By 2021 the literature had converged on two broad strategies. The first is sparse attention: instead of computing all n² pairs, only compute a structured subset — local windows, dilated patterns, global tokens, or some combination. Longformer (Beltagy et al., 2020) and BigBird (Zaheer et al., 2020) are canonical examples, each replacing the full matrix with a pattern that costs O(n) or O(n · √n).

The second is low-rank approximation: instead of computing the exact n × n matrix, approximate it as the product of two smaller matrices of rank k, reducing cost to O(n · k). Linformer (Wang et al., 2020) demonstrated this approach, projecting keys and values to a fixed dimension of k = 256 regardless of sequence length.

A third, hybrid approach — hardware-aware exact attention — arrived with FlashAttention (Dao et al., 2022), which keeps the full O(n²) computation but reorganizes memory access to fit within SRAM, dramatically reducing wall-clock time without any approximation. This lesson focuses on the first two families; FlashAttention is covered in Lesson 3.

Key Paper

Efficient Transformers: A Survey (Tay et al., 2020, Google Brain) catalogued 12 distinct efficient attention methods published within a single year, all attempting to escape the same quadratic bottleneck. The survey became one of the most-cited transformer papers of the decade.

Key Terms

Self-AttentionA mechanism where each token in a sequence attends to all other tokens, producing context-aware representations. Standard version costs O(n²) in both compute and memory.

Attention MatrixThe n × n matrix of softmaxed query–key similarity scores. The root cause of the quadratic scaling problem.

Sparse AttentionAttention variants that compute only a structured subset of query–key pairs, reducing cost to sub-quadratic complexity.

Low-Rank ApproximationRepresenting the attention matrix as the product of two smaller matrices, capping cost at O(n · k) where k is a fixed rank.

Lesson 1 Quiz

Why Vanilla Attention Breaks at Scale

What is the computational complexity of standard scaled dot-product self-attention with respect to sequence length n?

Correct. Every token must attend to every other token, producing an n × n attention matrix. Both compute and memory scale as O(n²).

Not quite. The standard attention matrix is n × n — every query attends to every key — making the cost O(n²) in both compute and memory.

GPT-3's 2,048-token context window in 2020 was primarily limited by which factor?

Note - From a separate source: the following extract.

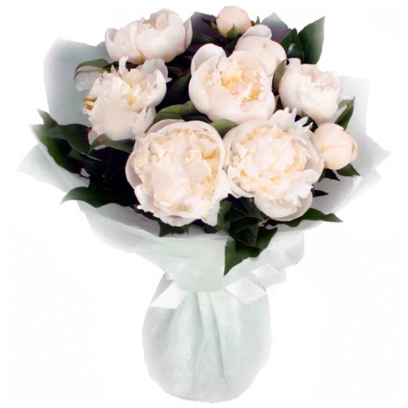 Букет состоит из 9 белых пионов, салал, красивая упаковка, атласная лента.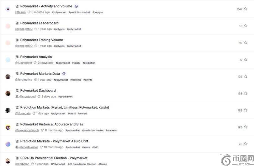 Dune Dashboards:数十个 Polymarket 仪表板,一些是全局性的(交易量、用户、交易),其他是专业性的(内部人士、空投追踪器、巨鲸等)。

Correct. The quadratic memory cost of the attention matrix meant that at 2 K tokens a single layer's attention scores were already straining available A100 memory.

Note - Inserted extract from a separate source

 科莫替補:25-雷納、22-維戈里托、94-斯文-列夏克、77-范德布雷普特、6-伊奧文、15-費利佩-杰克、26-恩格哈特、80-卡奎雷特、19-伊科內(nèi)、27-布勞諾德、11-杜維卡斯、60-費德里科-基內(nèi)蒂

The primary bottleneck was GPU memory. The O(n²) attention matrix grows rapidly; storing it for longer sequences exceeded available HBM on A100 GPUs.

Linformer's core idea for reducing attention cost is best described as:

Correct. Linformer (Wang et al., 2020) projects keys and values to a fixed dimension k (e.g. 256), reducing attention cost to O(n · k) regardless of n.

That describes a different approach. Linformer uses low-rank projection — keys and values are projected to a fixed-size dimension k, making cost O(n · k) rather than O(n²).

Lab 1 — The Quadratic Wall

Explore the scaling properties of vanilla attention with your AI tutor

Your Task

In this lab you'll work through the concrete numbers behind the O(n²) scaling problem. Ask your AI tutor to walk you through calculations: how much memory does a single attention layer consume at different sequence lengths? Where does the quadratic wall become practically impassable? What happens to FLOP counts as context grows?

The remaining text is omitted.